The company, Packers Sanitation Services, or PSSI (owned by Blackstone), is contracted to work at meatpacking facilities and slaughterhouses across the country. According to court documents filed Wednesday, the children were allegedly employed at three facilities in Nebraska and Minnesota, NBC News reports.
The company employs over 17,000 employees at more than 700 locations across the country, according to PSSI’s website.
The investigation found that minors cleaned the killing floors and various machines — including meat and bone cutting saws and a grinding machine — during the graveyard shifts, according to the complaint.
PSSI employed at least a dozen 17-year-olds across the three slaughterhouses, fourteen 16-year-olds, three 15-year-olds, one 14-year-old and one 13-year-old, the complaint said. -NBC News
According to the complaint, an Aug. 24 investigation was launched after law enforcement officials were tipped off that the company may be employing children.
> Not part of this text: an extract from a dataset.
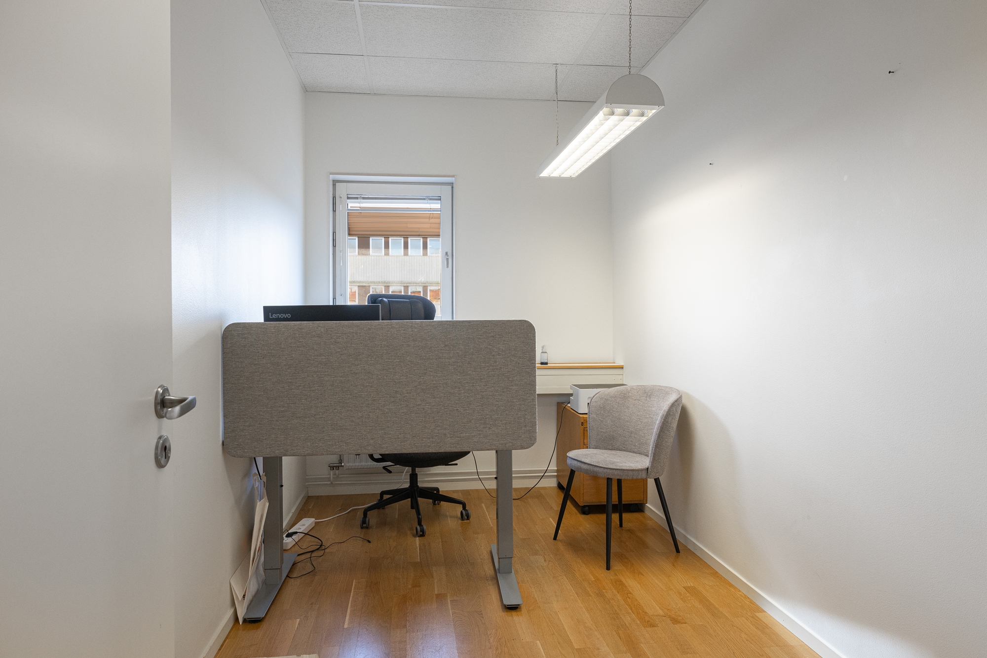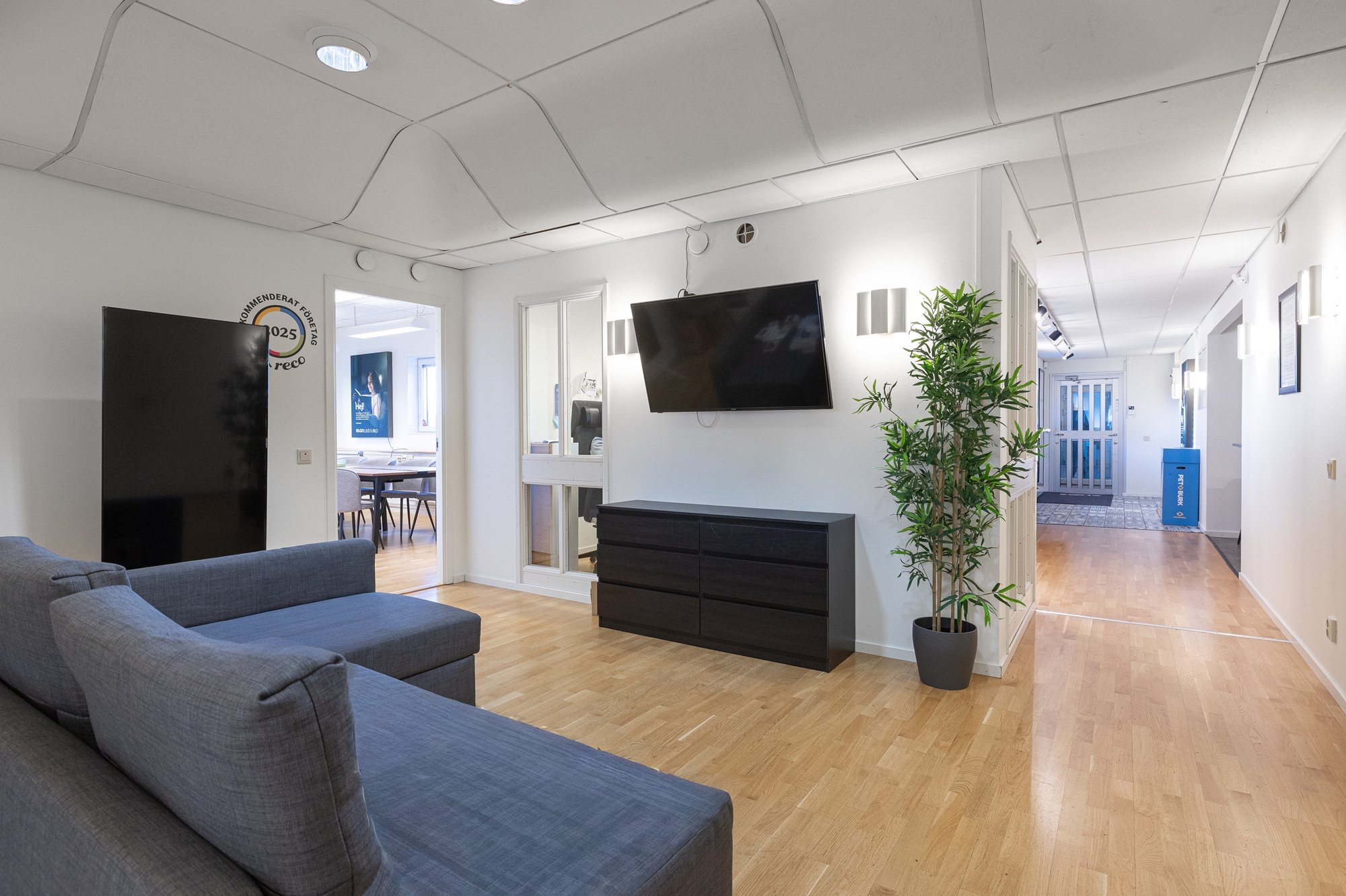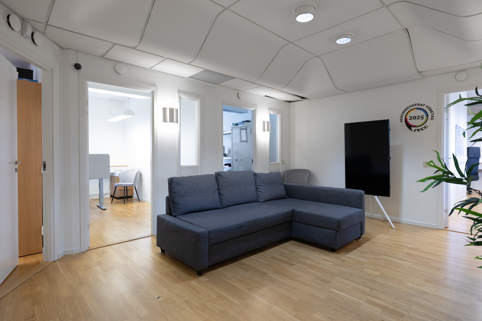 Lokalen har en genomtänkt planlösning som skapar en trivsam arbetsmiljö med gott om naturligt ljus från stora fönster.

Search warrants were executed at two plants owned by food processor JBS USA in Grand Island, Nebraska and Worthington, Minnesota – and at a poultry processing plant in Minnesota.
If true, the practice would violate the Fair Labor Standards Act, which prohibits employers from “oppressive child labor,” as well as minors from working in any type of hazardous employment, reads the complaint, which asks the Federal District Court of Nebraska to issue a temporary restraining order as well as a nationwide preliminary injunction against the company to stop it from employing minors while the Labor Department investigates.
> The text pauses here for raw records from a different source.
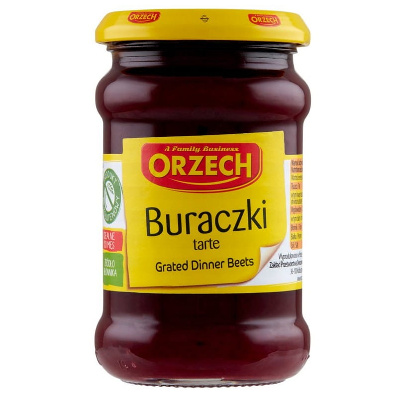 Orzech Buraczki Tarte 290g to klasyczny produkt warzywny, przygotowany z wysokiej jakości, starannie wyselekcjonowanych buraków. Buraczki są drobno tarte, co nadaje im delikatną, gładką konsystencję i sprawia, że doskonale komponują się jako dodatek do dań obiadowych, takich jak kotlety, ziemniaki czy sałatki. Produkt ma naturalnie słodki smak buraków, lekko kwaskowaty dzięki odpowiedniemu przyprawieniu, co podkreśla ich charakterystyczny aromat. Poręczne opakowanie 290g jest idealne do spożycia na raz, zapewniając świeżość i wygodę użycia.
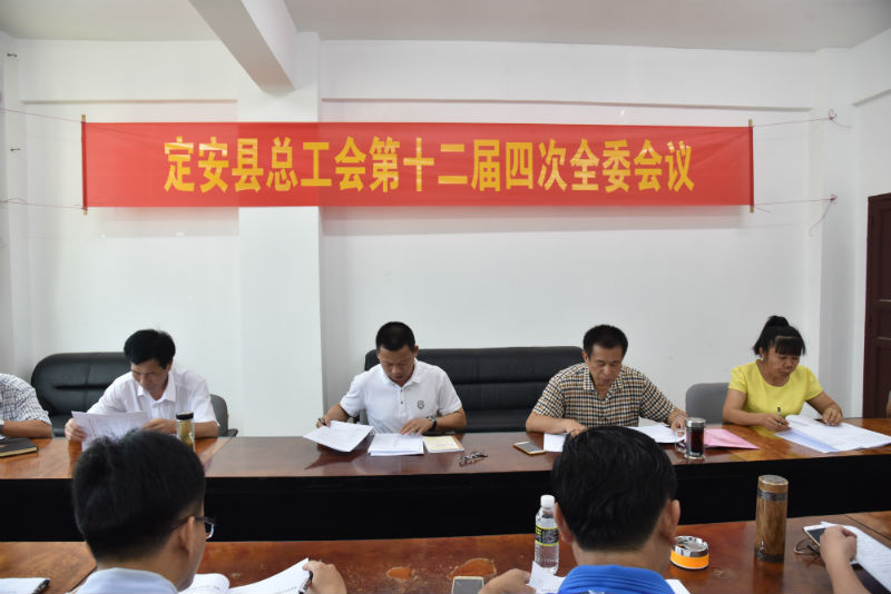 6月22日,定安县总工会第十二届四次全委会议在县总工会三楼会议室召开。会议由县总工会常务副主席许声耀同志主持,会议传达学习省总六届十一次全委会议和省工会党风廉政工作会议精神,总结自县总十二届三次全委会以来的全县工会工作和研究部署下一阶段工会工作、审议《定安县出席海南省工会第七次代表大会代表产生办法和名额分配方案》以及《定安县工会第十二届会员代表大会工作方案》以及补选黄兰、林鸿涛2位同志为县工... |
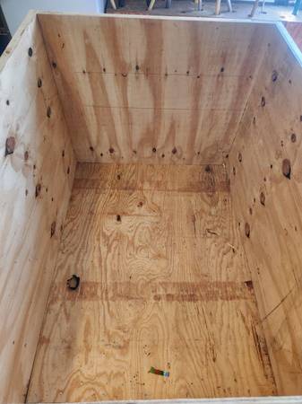 Large shipping crate for sale. $50 or make offer Well built, designed for shipping large items. Has a lid, not pictured. Interior dimensions 30 wide x 46 long x 36 high Exterior dimension 33wide x...
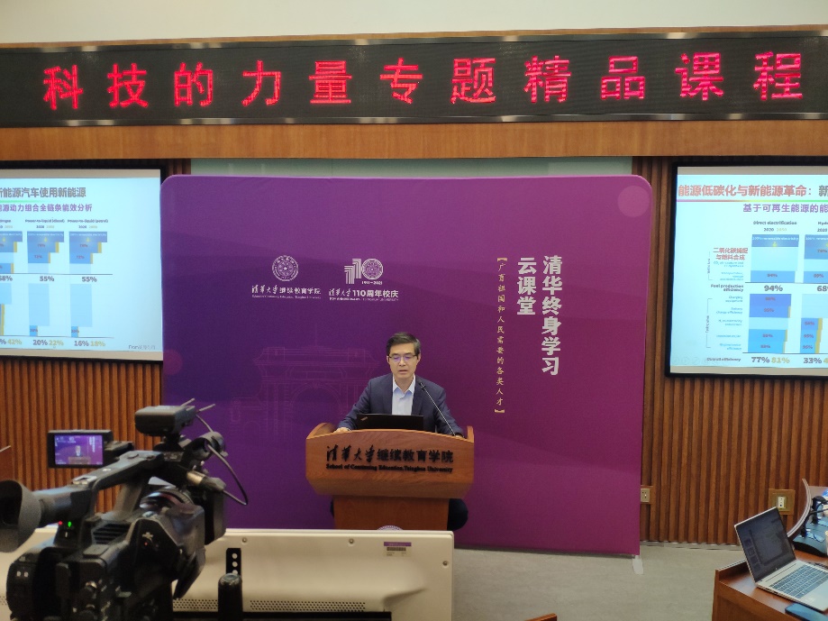 10月13日晚,“科技的力量”专题课程第一季正式开讲。中国科学院院士、新葡萄官网AMG车辆与运载学院教授、新葡萄官网AMG学术委员会副主任欧阳明高受邀作题为“新能源汽车与新能源革命”的分享。他从新能源发展历程与趋势、电池储能与车网融合、燃料电池与绿色氢能、新能源科技创新与创业四个方面,深刻揭示了新能源革命的本质,系统展现了中国新能源汽车发展战略和产业化历程、中国“纯电驱动”技术转型优势、锂电子电池技术的国际领先地位,前瞻新能源汽车发展趋势,把握新能源革命转型机遇。来自部队单位、地方国资委、基础设施建设、汽车制造、能源电力、投资、商业、教育科研机构等全国各地各领域的近千名学员相聚云端,共同学习。

Initial evidence indicates the company may also employ more kids under similar conditions at 400 other sites across the country, in addition to the 31 minors employed at three sites that investigators already confirmed, according to the complaint.
The court partially granted the Department of Labor’s request in a Thursday filing. That order requires PSSI to “immediately cease and refrain from employing oppressive child labor” and comply with the Department of Labor’s investigation. -NBC News
According to PSSI, the company “has an absolute company-wide prohibition against the employment of anyone under the age of 18 and zero tolerance for any violation of that policy —period,” with a spokesperson adding that the company mandates the use of the federal E-Verify system when it comes to new hires, “as well as extensive training, document verification, biometrics, and multiple layers of audits.”
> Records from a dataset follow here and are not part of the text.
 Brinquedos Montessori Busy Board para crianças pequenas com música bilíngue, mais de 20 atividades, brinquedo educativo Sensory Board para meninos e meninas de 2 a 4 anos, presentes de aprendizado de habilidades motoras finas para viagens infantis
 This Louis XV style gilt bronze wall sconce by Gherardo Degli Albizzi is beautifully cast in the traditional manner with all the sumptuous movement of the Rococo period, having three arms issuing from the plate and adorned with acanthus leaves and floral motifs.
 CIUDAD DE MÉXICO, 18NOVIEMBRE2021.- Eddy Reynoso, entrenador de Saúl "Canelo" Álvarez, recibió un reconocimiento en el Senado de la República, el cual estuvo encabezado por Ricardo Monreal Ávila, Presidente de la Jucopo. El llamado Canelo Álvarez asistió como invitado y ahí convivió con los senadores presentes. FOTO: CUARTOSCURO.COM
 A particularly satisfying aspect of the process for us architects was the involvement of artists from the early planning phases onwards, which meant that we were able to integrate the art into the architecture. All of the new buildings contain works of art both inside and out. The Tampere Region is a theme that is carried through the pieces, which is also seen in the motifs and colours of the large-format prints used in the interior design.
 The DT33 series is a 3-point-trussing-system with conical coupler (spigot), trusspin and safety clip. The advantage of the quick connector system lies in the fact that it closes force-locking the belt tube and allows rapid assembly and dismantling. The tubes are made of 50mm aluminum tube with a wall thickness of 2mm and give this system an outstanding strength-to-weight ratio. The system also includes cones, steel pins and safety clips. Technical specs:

“While rogue individuals could of course seek to engage in fraud or identity theft, we are confident in our company’s strict compliance policies and will defend ourselves vigorously against these claims.”
Company executives were reportedly “surprised” by the filing, after PSSI says it “has been cooperating with their inquiry, producing extensive documents and responses.”
Interviews with the kids — which were conducted in Spanish, their first language, according to the complaint — revealed that several children began their shifts at the facilities at 11 p.m. and worked until 5, 6 or 7 a.m. Some worked up to six or seven days a week.
School records showed that one 14-year-old, who worked at the Grand Island facility from 11 p.m. to 5 a.m. five to six days a week, from December 2021 to this past April, fell asleep in class and missed school after suffering injuries from chemical burns. At least two other minors also suffered chemical burns, the complaint states. -NBC News
“While Wage and Hour is continuing to pour over records to identify such children, it is slow, painstaking work. Yet, the children working overnight on the kill floor of these slaughterhouses cannot wait,” states the complaint.